A couple weeks back I posted a thing about there being too many events and not enough real shows. I figured a handful of people might nod along and that would be that. Then 147 of you showed up in the comments, and I spent two nights reading every single one with my coffee going cold.
I learned more in that thread than I have in a long time. So this one isn't really me talking. It's me telling you what you taught me.

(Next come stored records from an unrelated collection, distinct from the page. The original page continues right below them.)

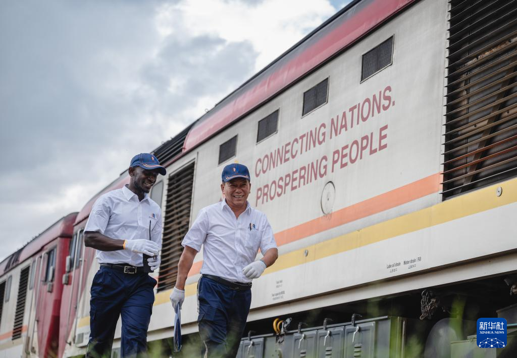 2023年5月23日,在肯尼亞內(nèi)羅畢,非洲之星鐵路運(yùn)營公司機(jī)輛部的火車駕駛員蔣立平(右)與學(xué)員霍勒斯從一輛印有“連接國家 走向繁榮”標(biāo)語的蒙內(nèi)鐵路機(jī)車旁走過。 新華社記者 王冠森 攝
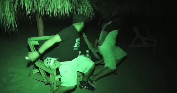 ビーチチェアに座って会話している2人の男性。一見するとありふれた光景だが、2人の背後に突如として正体不明の「何か」が現れる。異変を察知した2人が振り返ると、細長い手足の怪物が膝を「く」の字に折るようにして歩いているではないか。男性たちは慌ててイスから飛び上がり、悠然と歩く怪物から逃げるように画面外へと消えていく状況がなんともリアルだ。
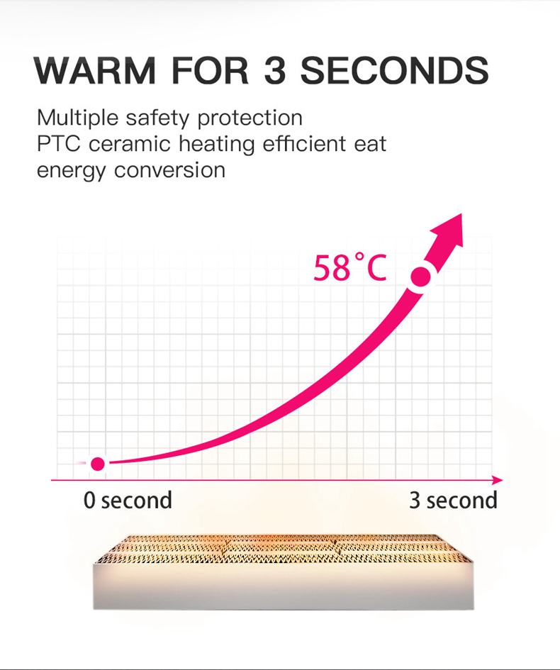 - Warm in 3 seconds. Using PTC ceramic heating element, heating up faster. At the same time, it is equipped with a turbo-type air duct design, low noise, no odor

You're not imagining it, and neither was I
The thing I was nervous to even say out loud, that we are drowning in events, turned out to be nobody's hot take. It was just Tuesday for most of you. Six markets in one town on the same weekend. A vendor market, a farmers market, and a "pop-up" all inside a 20 minute drive. One of you put it better than I did: when there's a show on every corner, nobody feels any urgency to actually buy, because there's another one tomorrow down the road. That one stuck with me.
The part that actually got me
Here's what I didn't see coming. So many of you have quietly given up on anything new. You only do the shows that have been around 10, 20, even 50 years. The juried ones. The ones you've done for two decades and happily drive an hour to get to.
I understand why. But there's a quiet sadness in it. It means a good new event, run by somebody who genuinely cares, can't get a foot in the door, because we've all been burned too many times to risk the booth fee on an unknown. The flops didn't just cost us money. They made us stop trusting anything new.
You're already doing the thing
This is the one that lit me up. I walked in thinking I had some original idea. Nope. You've been building it by hand for years.
There are statewide Facebook groups where vendors compare notes on shows and organizers and, in one person's words, "weed out the scammers." One of you keeps a spreadsheet going back years: table cost, money in, weather, notes. Another walks a show as a regular customer before ever paying for a booth. You vet promoters the hardest way there is, one bad weekend at a time, and then you quietly pass the warnings to each other.
The knowledge is all there. It's just scattered across a thousand comment threads, notebooks, and DMs, and it dies the moment the thread scrolls away.
Where you corrected me, and you were right
I came in a little hot on promoters, and a few of you set me straight. Asking vendors to help spread the word about a show isn't the crime. We should all be sharing the events we're doing. The crime is when the organizer does nothing else. When your fee buys a parking spot and one Facebook post, and that is the entire marketing plan. That's the line, and I needed the nudge to see it clearly.
A bunch of you also reminded me that no amount of promotion saves a bad fit. Sell candles at a rodeo and that's the matchup failing you, not the marketing. Know your customer. I tell myself that constantly running offroad and overland events with my other company, where the whole dynamic is different, and I still managed to forget it applies right here too.
The stuff that should just be standard
One thing came up again and again, without anyone organizing it. You are tired of having to interrogate every organizer for the basics. Is there electric. Are tables included. Indoor or outdoor. How many years has this actually run. How are you really advertising it. One vendor posted her six-question checklist and a dozen people said they were screenshotting it.
That told me something simple. This information shouldn't be a scavenger hunt you do over DMs. It should be right on the listing, every time, before anybody pays a dime.
So here's what I'm taking away
You don't need fewer makers. You need a way to tell the good shows from the bad ones before you hand over your money and your Saturday. You have been doing that detective work alone for years, and you've gotten good at it. I just don't think you should have to.
So thank you, genuinely. Keep it coming, because I'm clearly still learning. If you've got a checklist, a red flag, or a "never again" story that didn't make the first thread, drop it below. I read every one. I always do.